LLM-Cave: A benchmark and light environment for large language models reasoning and decision-making system

TL;DR

The paper addresses the gap in evaluating multi-step reasoning in LLMs with a lightweight, accessible benchmark. It introduces LLM-Cave and two inference strategies: Chain of Speculation and Planner-Critic. Experiments across models show that structured reasoning improves success rates and rewards, especially for weaker models, albeit with higher compute needs. The work offers a practical benchmark and direction for improving LLM reasoning and decision-making.

Abstract

Large language models (LLMs) such as ChatGPT o1, ChatGPT o3, and DeepSeek R1 have shown great potential in solving difficult problems. However, current LLM evaluation benchmarks are limited to one-step interactions.
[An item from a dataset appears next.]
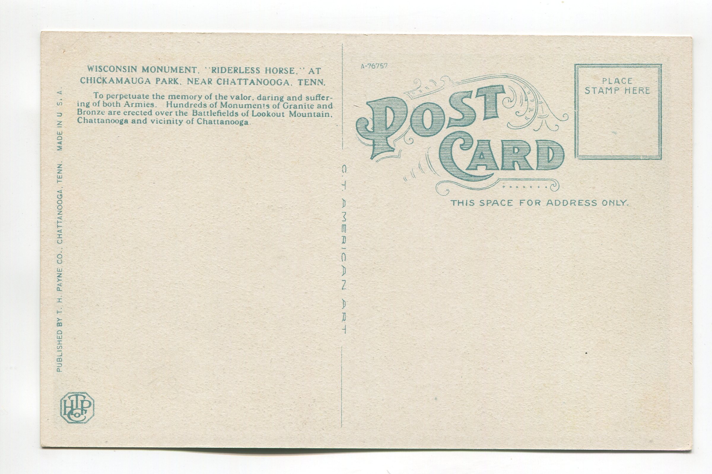 Wisconsin Monument Riderless Horse at Chickamauga Park near Chattanooga Tennessee postcard

Some of the existing sequence decision-making environments, such as TextStarCraftII and LLM-PySC2, are too complicated and require hours of interaction to complete a game. In this paper, we introduce LLM-Cave, a benchmark and light environment for LLM reasoning and decision-making systems. This environment is a classic instance in the era of Symbolism. Artificial intelligence enables the agent to explore the environment and avoid potential losses by reasoning about nearby dangers using partial observable state information. In the experiment, we evaluated the sequential reasoning ability, decision-making performance and computational efficiency of mainstream large language models (LLMs) such as GPT-4o-mini, o1-mini, and DeepSeek-R1. Experiments show that while Deepseek-R1 achieved the highest success rate on complex reasoning tasks, smaller models like 4o-mini significantly narrowed the performance gap on challenges by employing Chain of Speculation and Planner-Critic strategies, at the expense of reduced computational efficiency. This indicates that structured, multi-step reasoning combined with an LLM-based feedback mechanism can substantially enhance an LLM's decision-making capabilities, providing a promising direction for improving reasoning in weaker models and suggesting a new reasoning-centered benchmark for LLM assessment. Our code is open-sourced in https://github.com/puleya1277/CaveEnv.

Paper Structure

This paper contains 17 sections, 2 equations, 5 figures, 4 tables.

Figures (5)

  • Figure 1: LLM-Cave Environment. In the LLM-Cave environment, the LLM controls a game agent; the agent has to explore the cave and find the gold. In the cave, the agent can only get the information of the current grid, while there are pits (holes) and wumpus (monster) that may kill the agent. Near the pits and wumpus are breeze and stench. The LLM should reason the position of the pit and wumpus according to the observed information of breeze and stench to safely explore the cave and find the gold.
  • Figure 2: The workflow of LLM agents interacting with its environment. The Chain of Speculation Mechanism and the Planner-Critic Mechanism are applied within LLM-Cave. The Chain of Speculation maintains explicit hypotheses about pit and Wumpus positions, updating them after each observation. The Planner proposes an action that the Critic scores for safety; actions exceeding a confidence threshold are executed otherwise a safer alternative is supplied.
  • Figure 3: visualization of LLM-Cave.
  • Figure 4: System prompt for LLMs.
  • Figure 5: A typical experiment replay. In LLM-Cave, the DeepSeek R1 model effectively guided the agent through a hazardous cave. Starting from a safe region, the agent detected signs of danger—breeze and stench—and inferred the locations of a pit and the Wumpus. It successfully avoided the pit, eliminated the Wumpus, and proceeded to collect the gold, demonstrating accurate reasoning and decision-making under uncertainty.